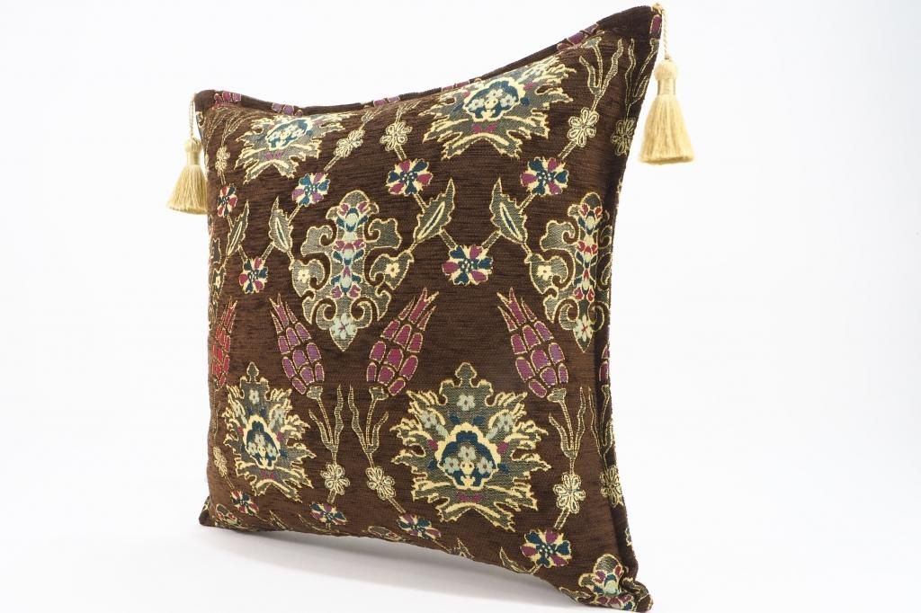 トルコファブリッククッション45x45cm ブラウン チューリップデザイン2
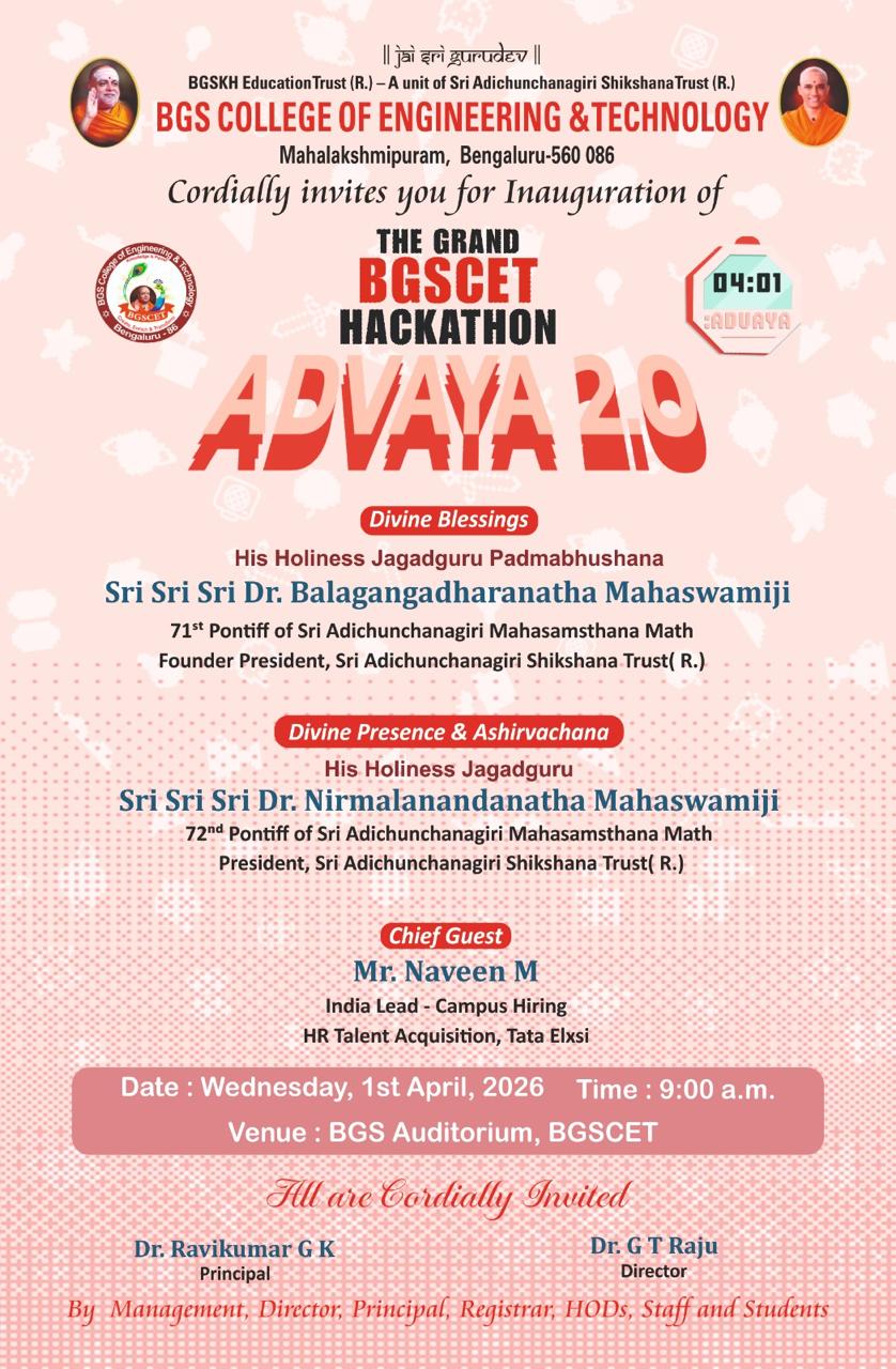 BGS College of Engineering and Technology (BGSCET), a new Engineering College with 5 market-demanding / employable / emerging (CS, IS, AI&ML, AI&DS, Design) UG courses in Engineering and Technology, established by BGSKH Education Trust(R.), A unit of Sri Adichunchanagiri Shikshana Trust(SAST) under the ambit of Sri Adichunchanagiri Mahasamsthana Mutt, a well-known philanthropic organization in Karnataka at CA Site no. 6 & 7, 3rd Main, Pipeline Road, 2nd Phase, 2nd Stage, Mahalakshmipuram, West of Chord Road, Bengaluru -560 086, Karnataka, a prime location having potential aspiring candidates from surrounding areas with good connectivity. The institute has a clear vision and objective, in the quest for being an outstanding centre for learning and development of human resource, which is conducive to the fast changing national and international situations adhering to consistent policy of recruiting highly qualified teachers.
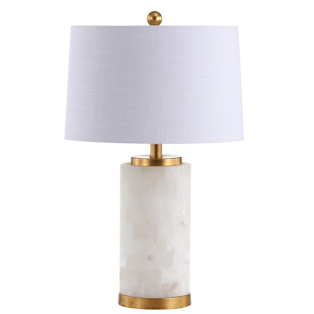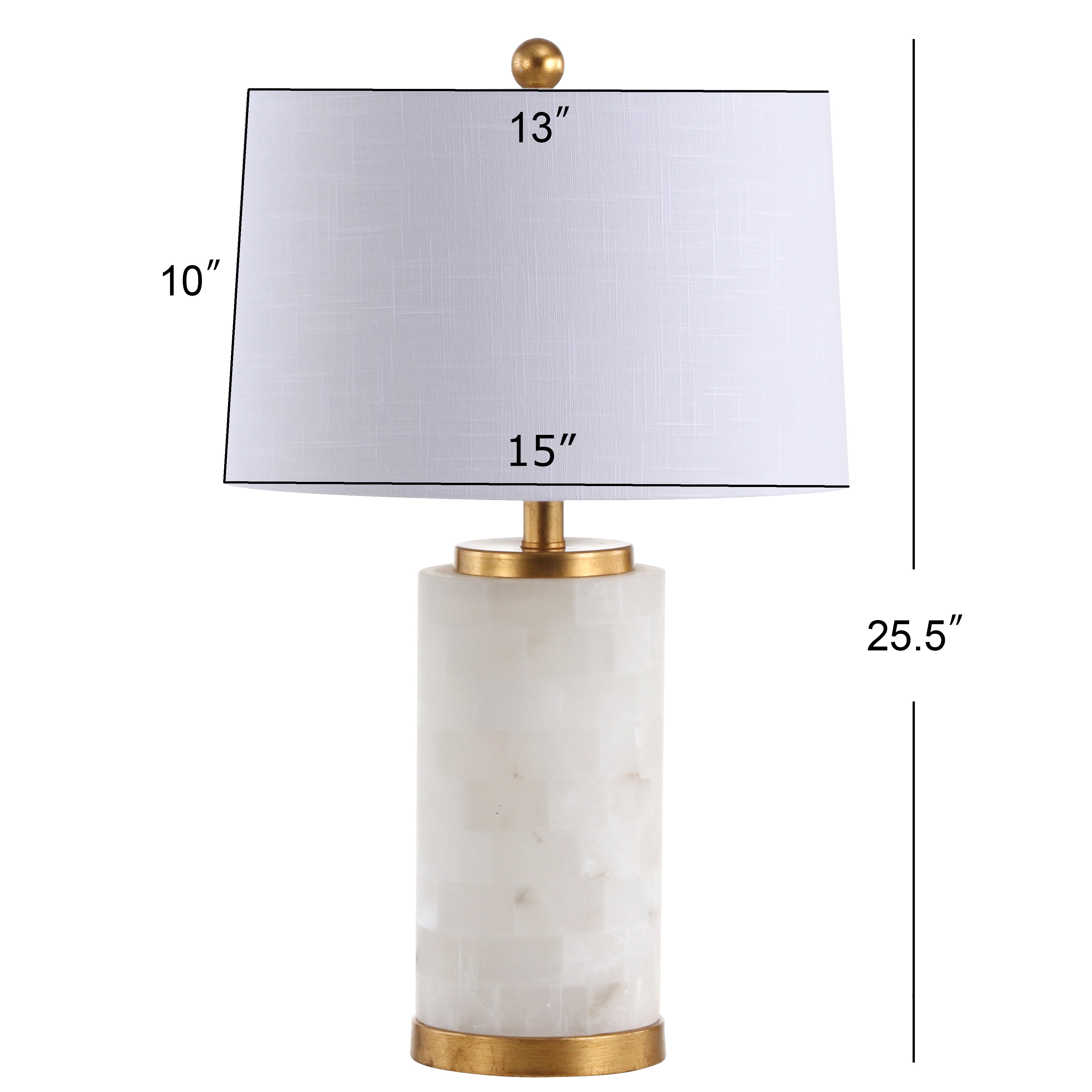 Made from real stone, our alabaster lamp’s geometric lines are accented with metallic gold. This modern lamp features a built-in accent light; a low-watt LED bulb inside the base gives the alabaster a soft glow. Quality touches include a empire linen shade, gold finial and silk-wrapped cord.
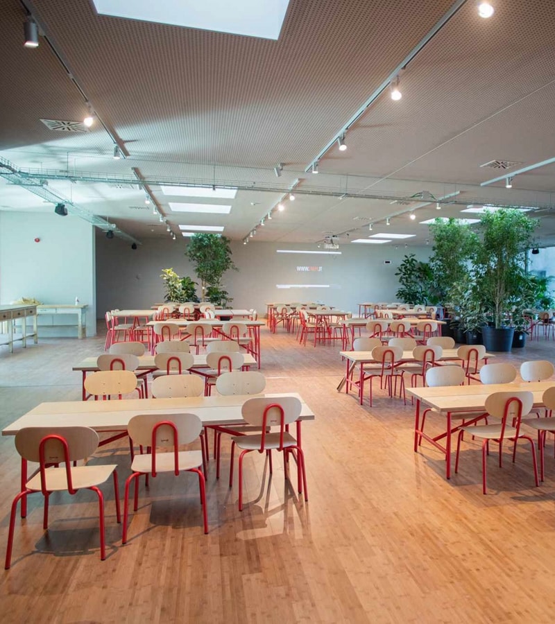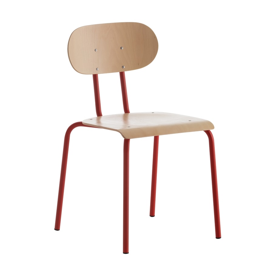 Chaise avec structure en acier peint. Assise et dossier en hêtre de forme anatomique.
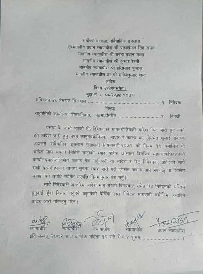 प्रधानन्यायाधीश प्रकाशमानसिंह राउत, न्यायाधीशहरू सपना प्रधानमल्ल, कुमार रेग्मी, हरिप्रसाद फुयाँल र डा मनोजकुमार शर्माको संवैधानिक इजलासले त्यस्तो आदेश दिएको हो । प्रतिनिधिसभा विघटनविरुद्ध परेका रिट निवेदनमा सातदिनभित्र लिखित जवाफ मागसमेत गरिएको छ ।

**Exercise instructions**. Please return only the lines from the one holding "Made from real" through the end of the data, both ends included; do not copy any pictures.

**Expected answer**.
 Made from real stone, our alabaster lamp’s geometric lines are accented with metallic gold. This modern lamp features a built-in accent light; a low-watt LED bulb inside the base gives the alabaster a soft glow. Quality touches include a empire linen shade, gold finial and silk-wrapped cord.
 Chaise avec structure en acier peint. Assise et dossier en hêtre de forme anatomique.
 प्रधानन्यायाधीश प्रकाशमानसिंह राउत, न्यायाधीशहरू सपना प्रधानमल्ल, कुमार रेग्मी, हरिप्रसाद फुयाँल र डा मनोजकुमार शर्माको संवैधानिक इजलासले त्यस्तो आदेश दिएको हो । प्रतिनिधिसभा विघटनविरुद्ध परेका रिट निवेदनमा सातदिनभित्र लिखित जवाफ मागसमेत गरिएको छ ।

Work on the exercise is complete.